The Surface Pro Flex Keyboard is also pretty expensive at $350. Since it’s backward compatible with other Surfaces (unlike the new Magic Keyboard, which only works with the M4 iPad Pros) and theoretically useful beyond the lifespan of these Surface Pros, maybe the price makes sense. But it doesn’t make it any easier to swallow paying $450 for the Surface Pro Flex Keyboard and the Surface Slim Pen, a chunk of change that will get you a solid laptop on its own or over halfway to paying for Microsoft’s own Surface Laptop Go 3.

If It’s a 2-in-1, Let It Be

Ahead of Microsoft announcing these new Surfaces, all I really wanted was for the company to show off some powerful new computers and some interesting software ideas, like Recall to run on them.

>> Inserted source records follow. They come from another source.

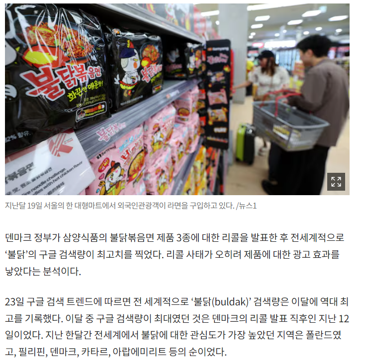 덴마크 정부는 올해 6월, 국내 라면 제조사 삼양식품의 ▲핵불닭볶음면 3X스파이시 ▲핵불닭볶음면 2X스파이시 ▲불닭볶음탕면 등 3개 제품을 현지 시장에서 회수(리콜)조치했습니다. 당시 리콜 사유는 해당 제품들에 캡사이신 수치가 높아 '급성 중독 위험'이 있다는 게 이유였습니다.
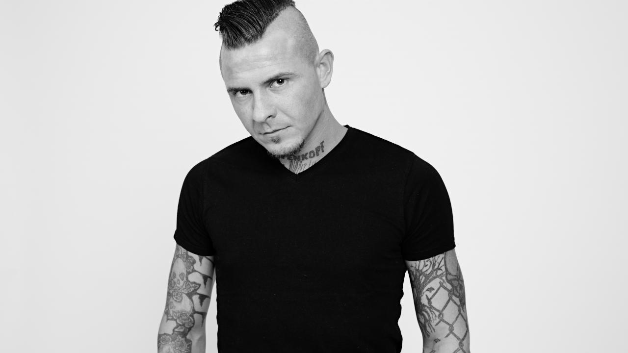 Обои Мужчина в черной футболке с татуировками на теле
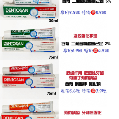 意大利🇮🇹DENTOSAN牙膏凝胶强化护理牙膏含有 0.50% 氯己定的牙膏。它是牙龈上的一种精致凝胶,是一种抗牙菌斑佐剂,可通过抑制形成牙菌斑的细菌的生长来确保完整的口腔卫生。牙菌斑由数以百万计的细菌组成,这些细菌会导致食物残渣发酵,从而产生侵蚀牙釉质并导致蛀牙的酸。
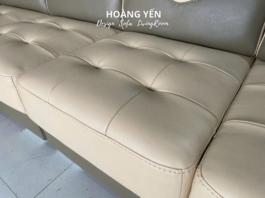 Phần đệm ngồi của bộ sofa được thiết kế theo dáng phẳng chia khoang, với những đường may lõm dạng caro nhẹ.
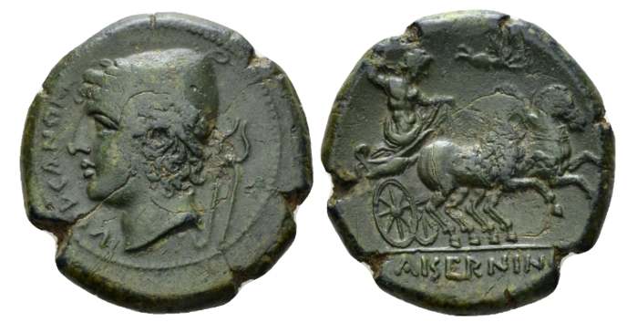 | HN Italy 430 | Aesernia, Samnium. 263-240 BC. AE 23. VOVERNON, Head of Vulkan left, wearing pilos, tongs to right. / AISERNINON beneath Jupiter in biga galloping right; Nike flying right above, crowning horses. HN Italy 430; SNG ANS 1118. | Text | Image |
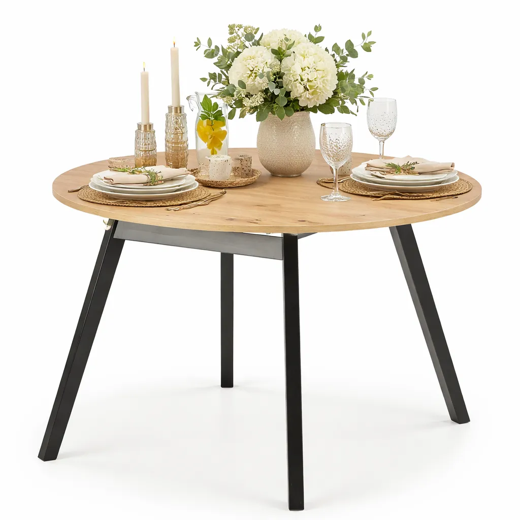 Stół został wykonany z płyty meblowej okleinowej zbudowanej z włókien drzewnych i związków organicznych w warunkach wysokiego ciśnienia i temperatury. Włókna ułożone są różnokierunkowo, o strukturze sinusoidalnej, co zapewnia nadanie jej cech jakościowych oraz wytrzymałościowych. Dodatkowo płyta została uszlachetniona cienkimi filmami melaminowymi w celu zwiększenia jej trwałości. Brzegi mebla oklejono specjalistycznym materiałem ABS, cechującym się ponadprzeciętną odpornością na zarysowania. Wykorzystano również drewno lite - bukowe charakteryzującego się wysoką gęstością na poziomie do 720 mg/m3 oraz wyjątkowo dużą twardością o wyniku do 98 MPa w pomiarach metodą Janki. Te cechy powodują, że drewno bukowe jest idealnym surowcem do wyrobu mebli. Blat stołu wykonano w kolorze dąb artisan stojącego na stabilnych czarnych nogach.
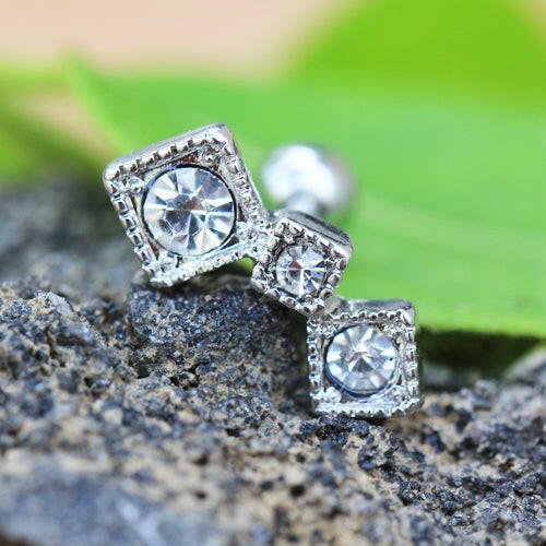 Stainless Steel Art of Brilliance Triple Square Drop Cartilage Earring
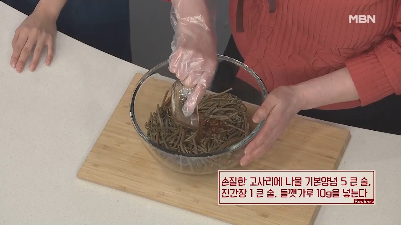 ▶고사리나물과 양념들이 잘 섞이도록 버무려 줍니다.
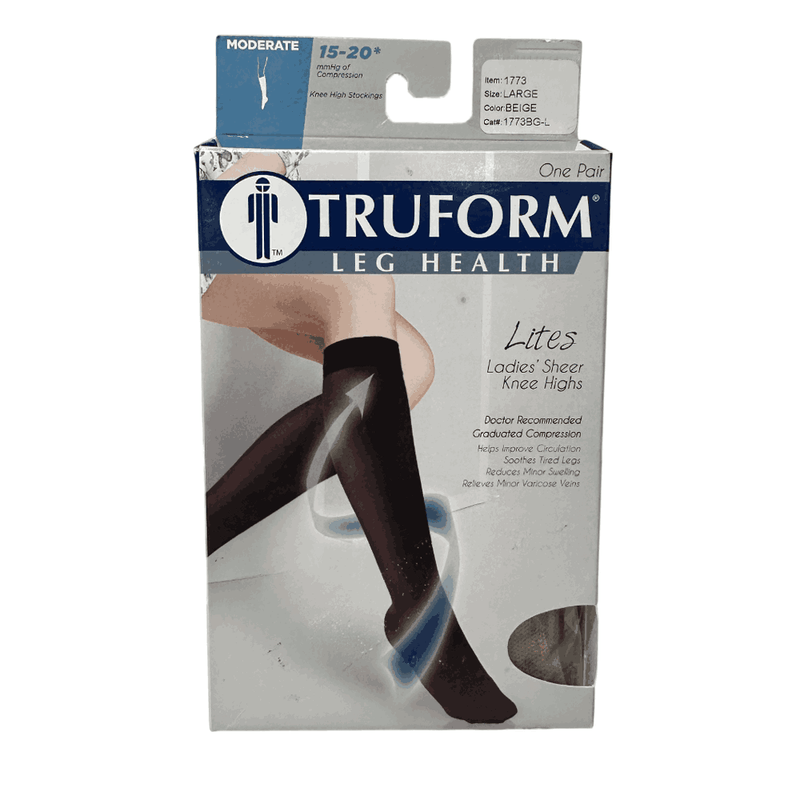 Las medias de compresión hasta la rodilla marcan Truform 1773 son la opción ideal para damas y para mejorar la circulación y aliviar diversas molestias en las piernas. Con una compresión graduada de 15-20 mmHg, estas medias ayudan a reducir la hinchazón, aliviar el dolor de piernas cansadas, las venas varicosas, las arañas vasculares, el edema y el riesgo de coágulos sanguíneos.
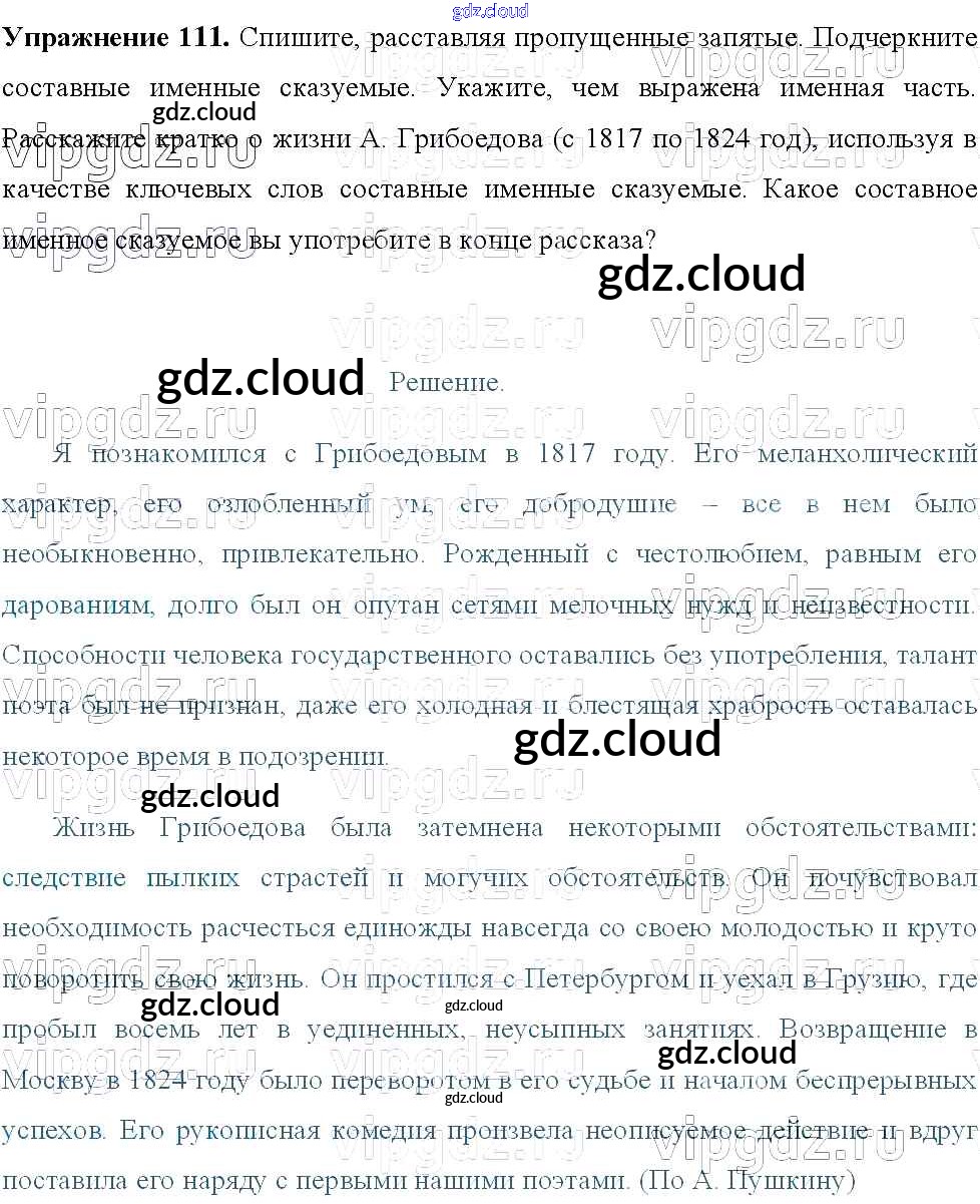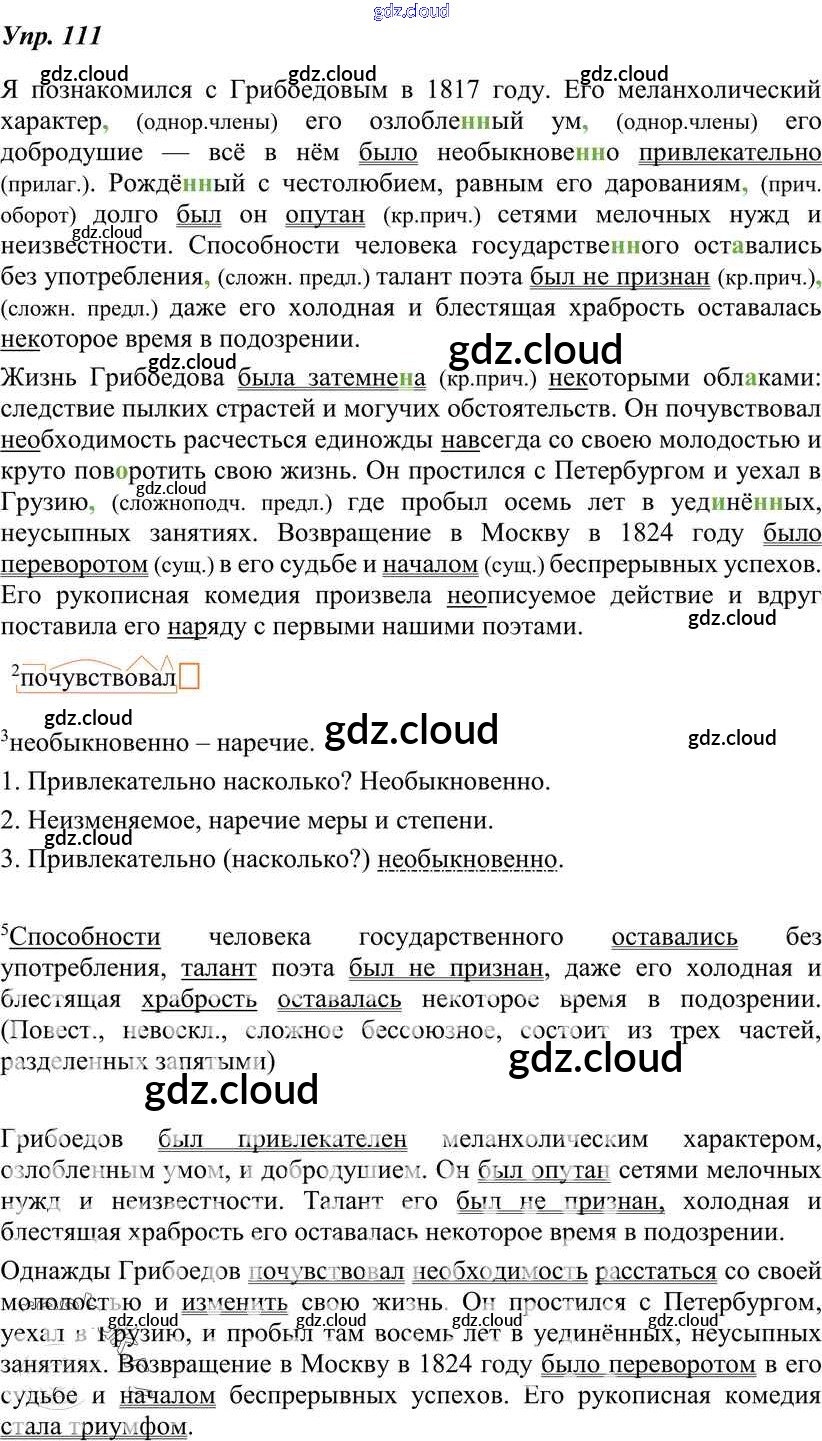 Ответ на задание 111 Учебник Русский язык за 8 (восьмой) класс Тростенцова, Ладыженская, Дейкина, Александрова 2014
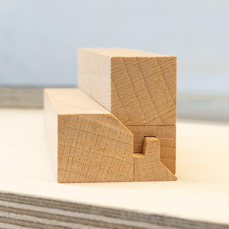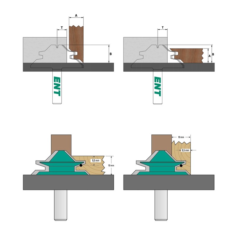 For stable gluing of two work pieces at a 90 degree angle. Straight gluing is also possible. With the help of the included adjustment template, the cutter can be quickly and easily aligned in height and depth, so that the horizontal and vertical milling fit into each other form-fitting.
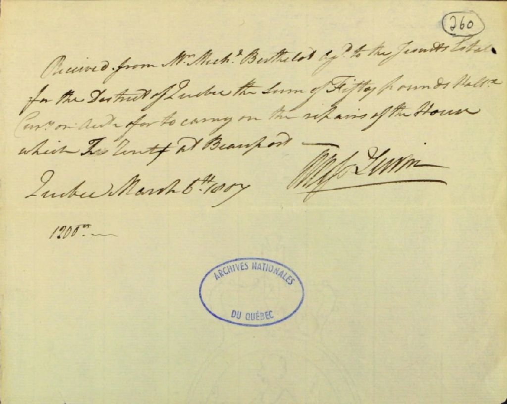 Reçu de Moss Lane, de Québec, à Michel Berthelot, agent des biens des Jésuites pour le district de Québec, pour réparation à une maison louée à Beauport, 6 mars 1807, Archives nationales à Québec, Fonds Ministère des Terres et Forêts, (03Q,E21,S64,SS5,SSS3,D260).
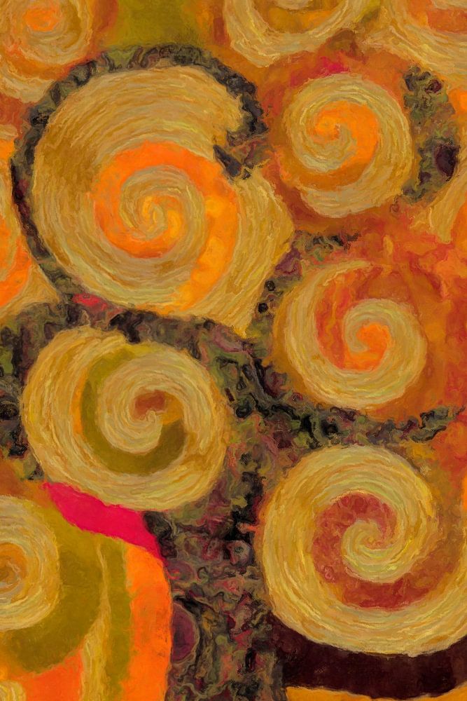 The work depicts a tree whose branches unfold in large spiral shapes. The crowns consist of overlapping circular movements in shades of orange, red, gold and ochre. The spiral patterns fill almost the entire plane, giving the tree a monumental presence.
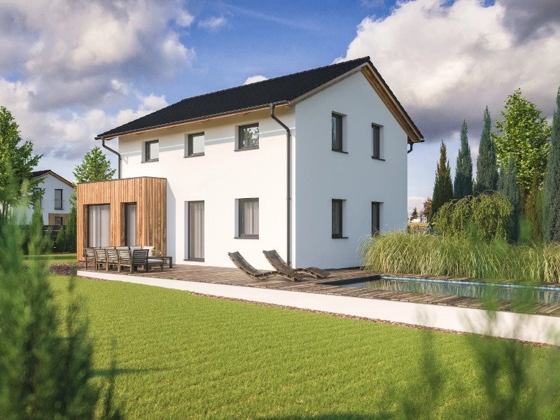 Pro dům Jubilée 1-126 vybrali architekti společnosti Haas Fertigbau půdorys 10,8 x 9,5 m se zimní zahradou. Užitná plocha 126 m2 skrývá dispozici 5 + KK. Zimní zahradu s velkými prosklenými plochami zakrývá moderní plochá střecha.
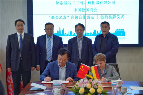 3月18日,銘泰慧谷(三河)孵化器有限公司與中國德國商會(huì)"商會(huì)之友"高級(jí)合作盟友簽約掛牌儀式在河北三河經(jīng)濟(jì)開發(fā)區(qū)銘泰產(chǎn)業(yè)園舉行。
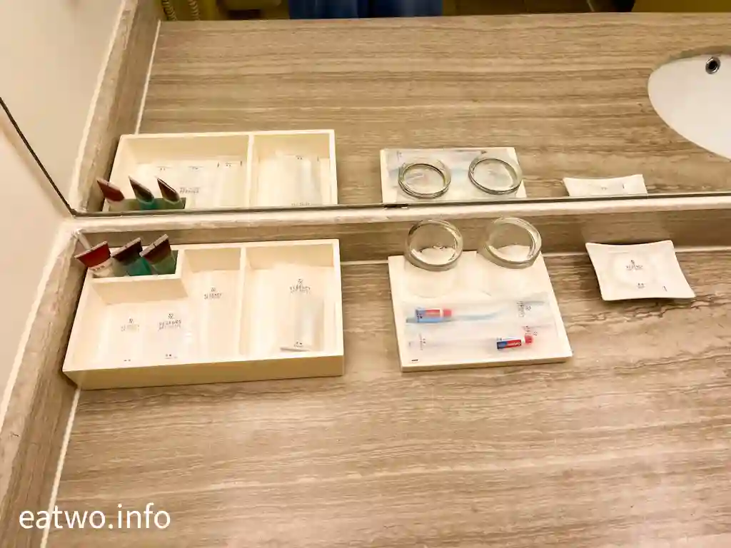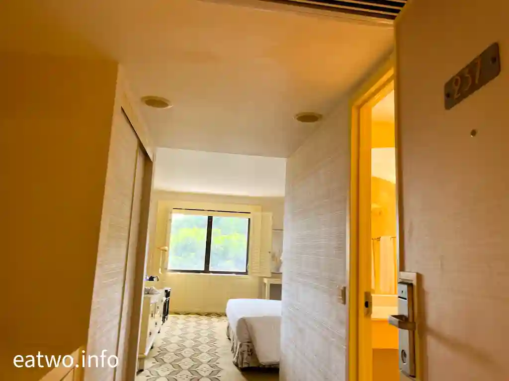 原來酒店係一所5星級酒店,內有325間房間,一邊係望「新世紀娛樂場」方向,另一邊就係望海景。當日太夜check in,以為無海景房,實際上其實一樣有海景房,估計係人數較少。房間內地方唔細,浴室亦有足夠空間,基本上四四正正,亦算企理,寬敞舒適。浴室有即棄衛生用品提供,而房間插頭頗多,只係需要自備幾個插頭。

Microsoft arguably did that at Build this year. It remains to be seen if Copilot is going to actually change the way people use their computers, but I can’t deny that Microsoft has identified some cool things for AI to do on Windows. Things I can actually imagine myself using. But even if the software is impressive, I can’t in good faith say Microsoft has rethought Surface hardware in all the ways it should have.

I don’t need a radical reinvention or another stab at smartphones, but I do need Microsoft to acknowledge the device it’s selling. The Surface Pro is not a tablet that can occasionally do laptop things; it’s a laptop that can split into a tablet and keyboard. Until the Surface Pro ships with a keyboard instead of charging you to add it on after the fact, I don’t think Microsoft’s work is truly done.